Source data –
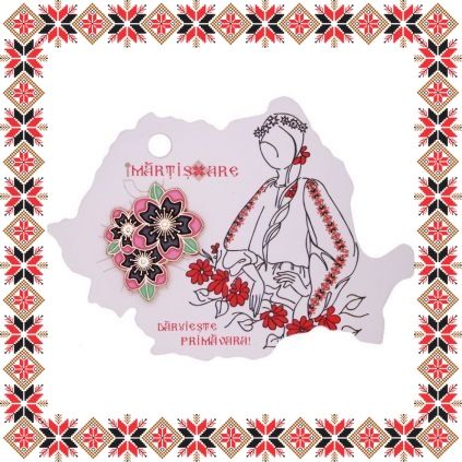 Martisor ambalat pe carton de culoare bej reprezentand harta Romaniei cu desen doamna Primavara cu motive traditionale romanesti. Cartonul este inscriptionat cu urarea Daruieste Primavara!
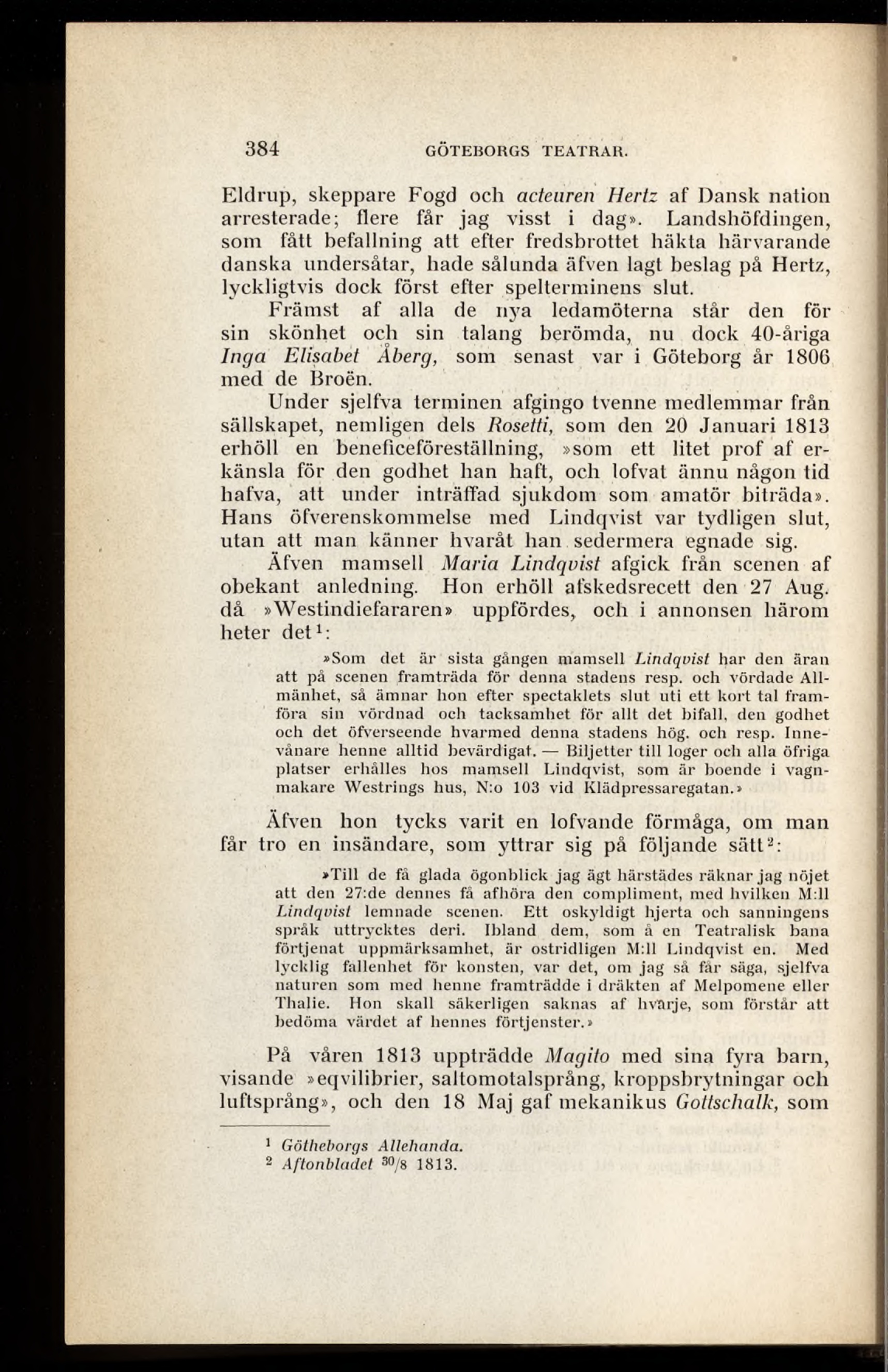 Äfven mamsell Maria Lindqvist afgick från scenen af
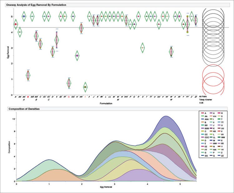 单因子方差分析图显示所评估的不同配方的除卵能力存在显着差异。
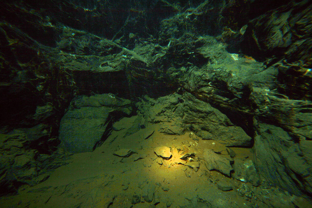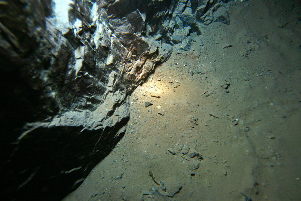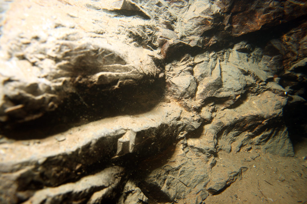 Gleich mit zwei Tauchknappen, die brav das ganze Gerödel bis ans Mundloch geschleppt haben, waren wir schon mal am ersten Haltepunkt angelangt. Der Versehrte krabbelte den Hang mit dem Fotorucksack hinauf und wir waren zufrieden über diese erste Etappe. Ein paar Kleinigkeiten beim Einstellen des Weitwinkelobjektivs und dann sollte es so richtig losgehen.
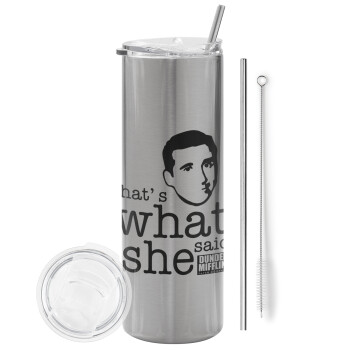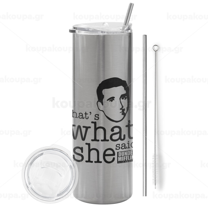 The office Michael That's what she said, Tumbler stainless steel Silver 600ml, with metal straw & cleaning brush

Work to complete – Copy back, word for word, every line between the top of the material above and the line that contains "单因子方差分析图显示所评估的不同配方的除卵能力存在显着差异。", both included, without any pictures.

Answer space –
 Martisor ambalat pe carton de culoare bej reprezentand harta Romaniei cu desen doamna Primavara cu motive traditionale romanesti. Cartonul este inscriptionat cu urarea Daruieste Primavara!
 Äfven mamsell Maria Lindqvist afgick från scenen af
 单因子方差分析图显示所评估的不同配方的除卵能力存在显着差异。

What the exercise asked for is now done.